### Task objective
Among the records below, find each line containing the word "AABB" and copy it.
--- Task inputs Enclosed Below ---
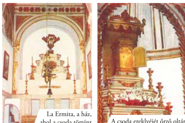
La Ermita, a ház, ahol a csoda történt
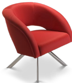
36010 Poltrona Espera Base 4 pés Fixa ou Giratória
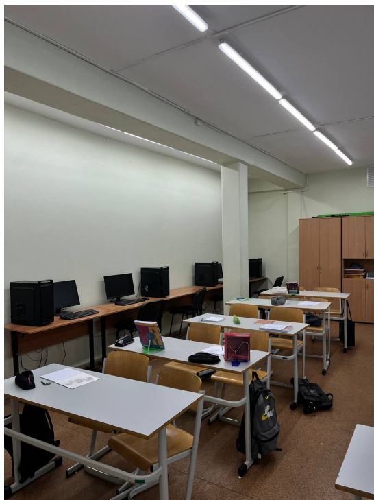
Фото на сегодняшний день

Основной целью проекта «Кабинет начальной военной подготовки» является создание пространства для подготовки к военному делу и отработать практических навыков необходимых для защиты Родины. Территория проекта: г. Калининград, ул. Комсомольская, д.4, каб. №2, площадь - 56 м 2 .
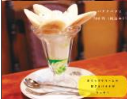
アイスオレ (ハルオウネツさん)

「おすすめはアイスオレで、コーヒーの味がついて いる物を入れています。あとアイスコーヒーはダッ チコーヒーという水出しでコーヒーを抽出させていま す。お客さんに人気なメニューは、「ピザトーストとス ピリタフヤドライカレー」と思える。最近では、20人 くらいのグループでピクニックもやっており、時々 自販機にも乗っているとのこと。
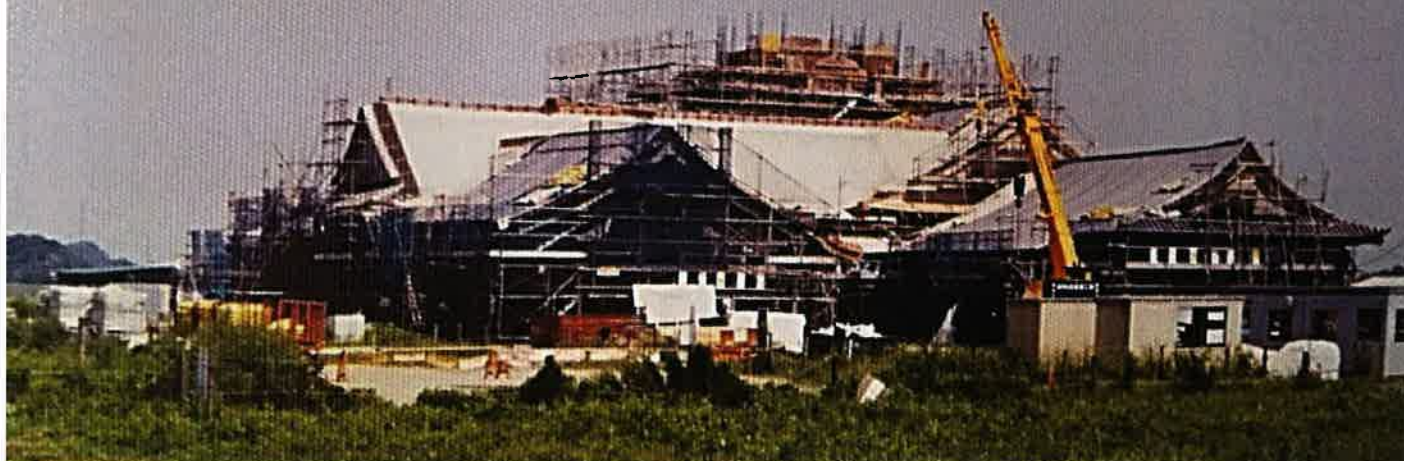
関宿城博物館建設当時の写真 平成6年(1994年9月)当時の現場を見学された会員様もいると思います。
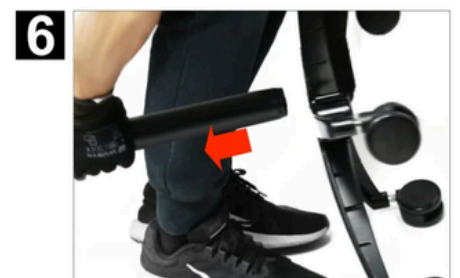
DÉTACHER LE RESSORT À GAZ EN LE TIRANT VERS L'EXTÉRIEUR
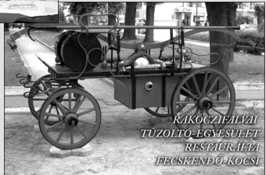
RÁKÓCZIFALVAI TŰZOLTÓ-EGYESÜLET RESTAURÁLTA FECSKENDŐ-KOCSI
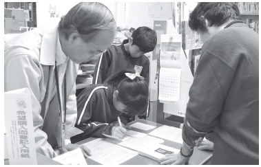
図書の貸し出し作業にちよっぴり緊張・・・

最後は図書室で本の貸し出しの作業を体験しましたが、緊張しながらも真剣に取り組みました。実際にやってみて良かったことが良い思い出となり将来社会人として役立つのでは無いでしょうか。
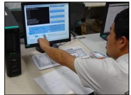
Webアプリケーションの開発
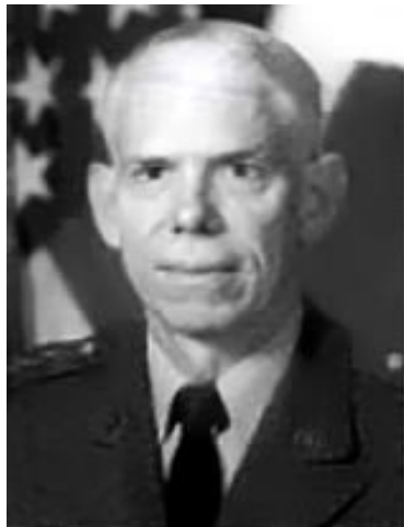
Υποστρ/γος Άλμπερτ Σταμπλμπαϊν

Υποστρ/γος Άλμπερτ Στάμπλμπαϊν , Αμερικανικού Στρατού (εν αποστρ.), πρώην Διοικητής της Αμερικανικής Διοίκησης Στρατιωτικής Κατασκοπείας και Ασφάλειας (INSCOM), δεινός επικριτής της επίσημης εκδοχής των γεγονότων της 11/9. Στο βίντεο ντοκιμαντέρ του 2006 Ένα Έθνος Υπό Πολιορκία είπε «Μια από τις εμπειρίες μου στον Στρατό ήταν ως επικεφαλής της Ερμηνείας Φωτογραφιών για Επιστημονική και Τεχνική Κατασκοπεία του Στρατού την εποχή του Ψυχρού Πολέμου. Έπαιρνα τα μέτρα κομματιών Σοβιετικού εξοπλισμού από φωτογραφίες. Ήταν η δουλειά μου. Κοιτάζω την τρύπα στο πλευρό του Πενταγώνου και κοιτάζω το μέγεθος ενός αεροσκάφους που υποτίθεται ότι χτύπησε το Πεντάγωνο και λέω 'Το αεροπλάνο δεν χωράει μέσα σε αυτή την τρύπα.' Οπότε τι χτύπησε το Πεντάγωνο; Τι το χτύπησε; Που είναι; Τι συμβαίνει εδώ;» 36
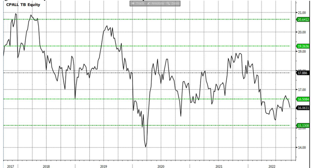
รูปที่ 2: EV/EBITDA ของ CPALL ล่าสุด
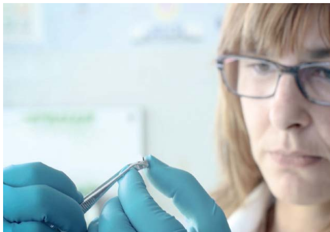
Bosch udvikler forrudeviskere i Bühl (Tyskland) og Tienen (Belgien)
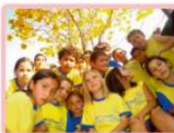
Crianças da AABB - com esta foto conseguiram uma excelente posição em concurso nacional

O Poder Legislativo tem feito visitas a organizações do município. Uma delas foi a AABB Comunidade. Na oportunidade a equipe AABB falou do funcionamento do projeto e como a Câmara e Sociedade podem ser úteis para fortalecer ações que beneficiam as crianças do município.
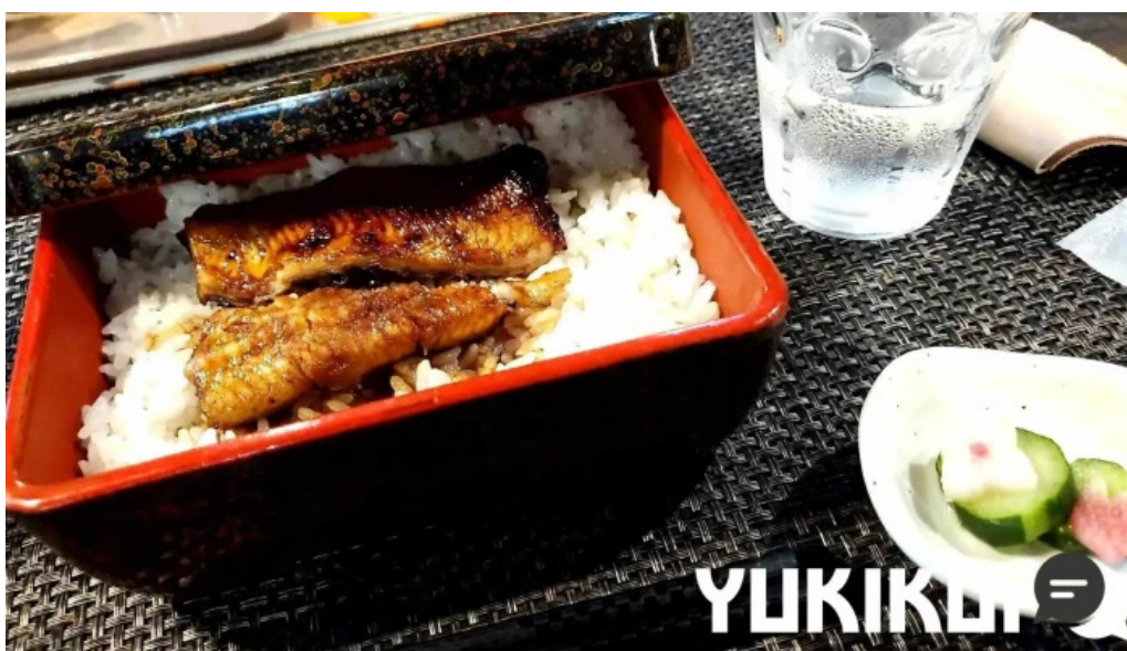
Gotenba 味膳 ajizen ウナギ
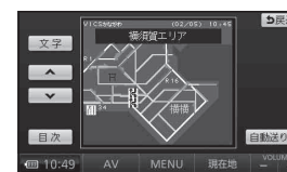
図形表示型 (レベル 2)
--- End of Enclosed Task inputs ---
### Written response
Crianças da AABB - com esta foto conseguiram uma excelente posição em concurso nacional
O Poder Legislativo tem feito visitas a organizações do município. Uma delas foi a AABB Comunidade. Na oportunidade a equipe AABB falou do funcionamento do projeto e como a Câmara e Sociedade podem ser úteis para fortalecer ações que beneficiam as crianças do município.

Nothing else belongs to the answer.